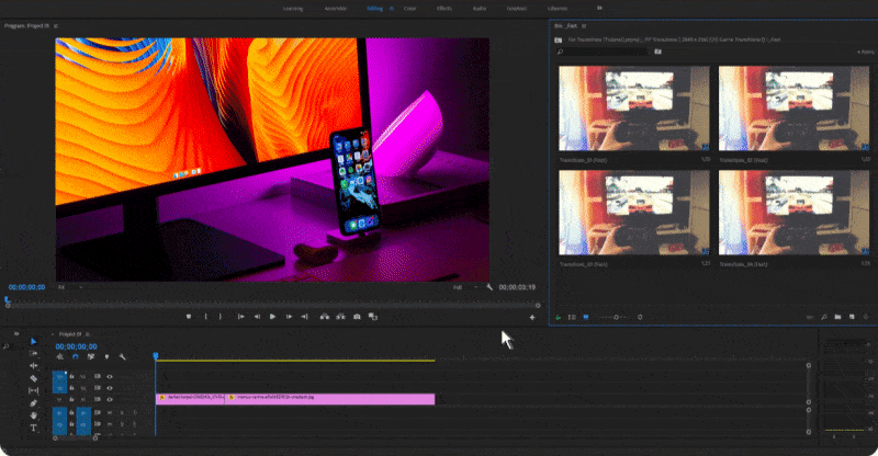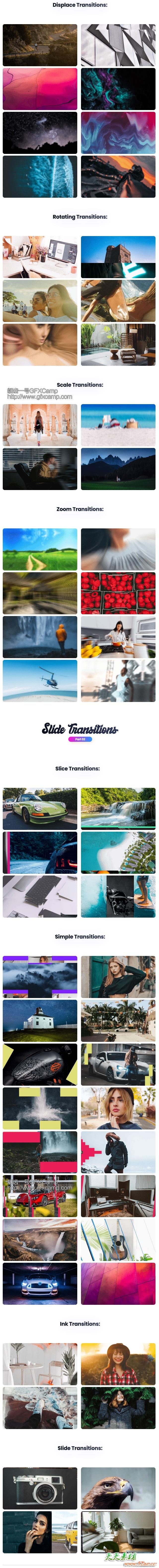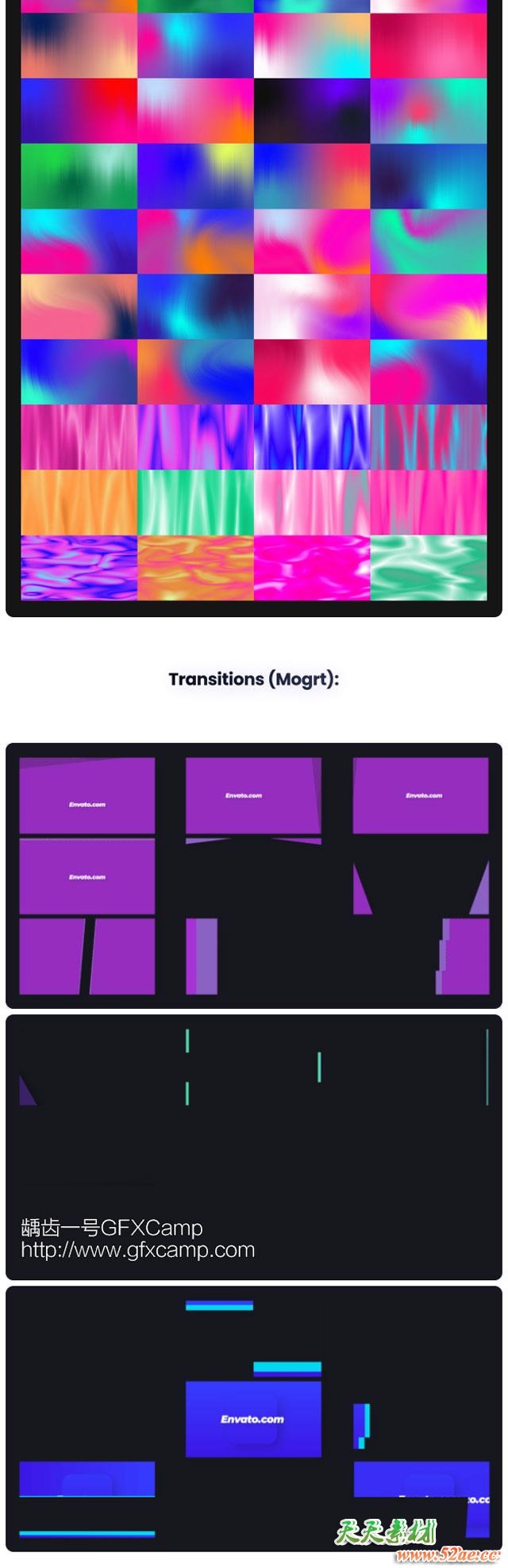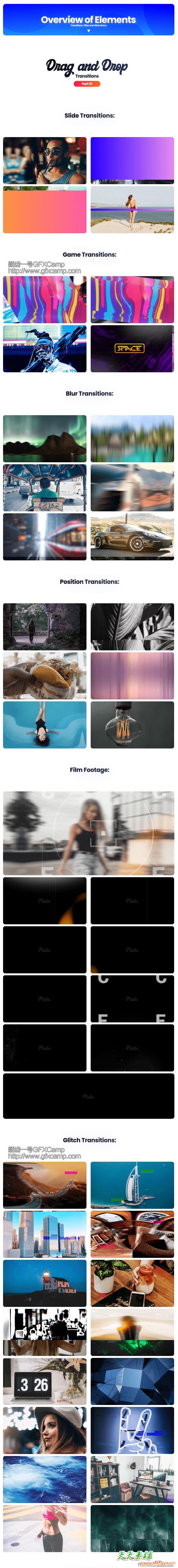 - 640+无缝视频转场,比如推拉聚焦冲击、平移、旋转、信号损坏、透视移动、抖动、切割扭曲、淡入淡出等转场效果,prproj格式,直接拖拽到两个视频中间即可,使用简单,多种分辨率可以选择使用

...

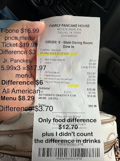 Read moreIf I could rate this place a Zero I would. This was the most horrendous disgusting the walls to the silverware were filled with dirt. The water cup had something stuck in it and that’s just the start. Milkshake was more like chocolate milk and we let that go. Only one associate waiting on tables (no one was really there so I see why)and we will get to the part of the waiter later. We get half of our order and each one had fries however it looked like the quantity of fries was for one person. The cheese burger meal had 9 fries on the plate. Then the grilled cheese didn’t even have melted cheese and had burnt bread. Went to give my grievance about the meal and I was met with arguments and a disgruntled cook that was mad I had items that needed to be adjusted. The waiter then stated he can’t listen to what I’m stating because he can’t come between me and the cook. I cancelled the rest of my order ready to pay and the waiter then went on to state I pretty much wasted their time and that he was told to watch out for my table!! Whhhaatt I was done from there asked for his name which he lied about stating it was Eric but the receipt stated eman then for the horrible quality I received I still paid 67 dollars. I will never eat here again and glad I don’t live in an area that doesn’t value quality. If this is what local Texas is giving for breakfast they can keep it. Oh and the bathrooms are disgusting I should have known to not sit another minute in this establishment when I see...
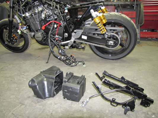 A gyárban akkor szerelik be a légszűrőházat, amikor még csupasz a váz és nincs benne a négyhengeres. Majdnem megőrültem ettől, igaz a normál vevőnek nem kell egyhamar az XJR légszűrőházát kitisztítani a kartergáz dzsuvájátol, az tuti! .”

* * *

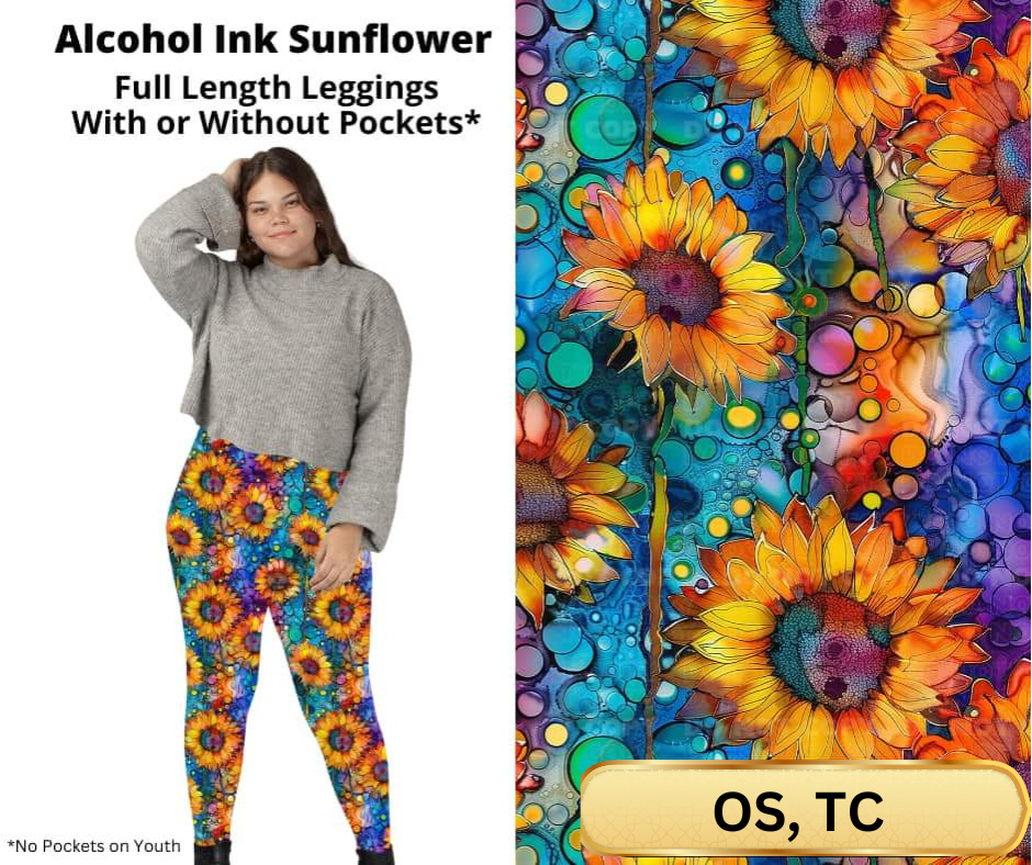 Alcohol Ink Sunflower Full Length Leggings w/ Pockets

[ACTIVITY]: Look above for the line with "Read moreIf I" and the line with "A gyárban akkor", then copy exactly the lines from the first through the second, both kept, with no pictures.

[RESPONSE TO THE EXERCISE]:
 Read moreIf I could rate this place a Zero I would. This was the most horrendous disgusting the walls to the silverware were filled with dirt. The water cup had something stuck in it and that’s just the start. Milkshake was more like chocolate milk and we let that go. Only one associate waiting on tables (no one was really there so I see why)and we will get to the part of the waiter later. We get half of our order and each one had fries however it looked like the quantity of fries was for one person. The cheese burger meal had 9 fries on the plate. Then the grilled cheese didn’t even have melted cheese and had burnt bread. Went to give my grievance about the meal and I was met with arguments and a disgruntled cook that was mad I had items that needed to be adjusted. The waiter then stated he can’t listen to what I’m stating because he can’t come between me and the cook. I cancelled the rest of my order ready to pay and the waiter then went on to state I pretty much wasted their time and that he was told to watch out for my table!! Whhhaatt I was done from there asked for his name which he lied about stating it was Eric but the receipt stated eman then for the horrible quality I received I still paid 67 dollars. I will never eat here again and glad I don’t live in an area that doesn’t value quality. If this is what local Texas is giving for breakfast they can keep it. Oh and the bathrooms are disgusting I should have known to not sit another minute in this establishment when I see...
 A gyárban akkor szerelik be a légszűrőházat, amikor még csupasz a váz és nincs benne a négyhengeres. Majdnem megőrültem ettől, igaz a normál vevőnek nem kell egyhamar az XJR légszűrőházát kitisztítani a kartergáz dzsuvájátol, az tuti! .”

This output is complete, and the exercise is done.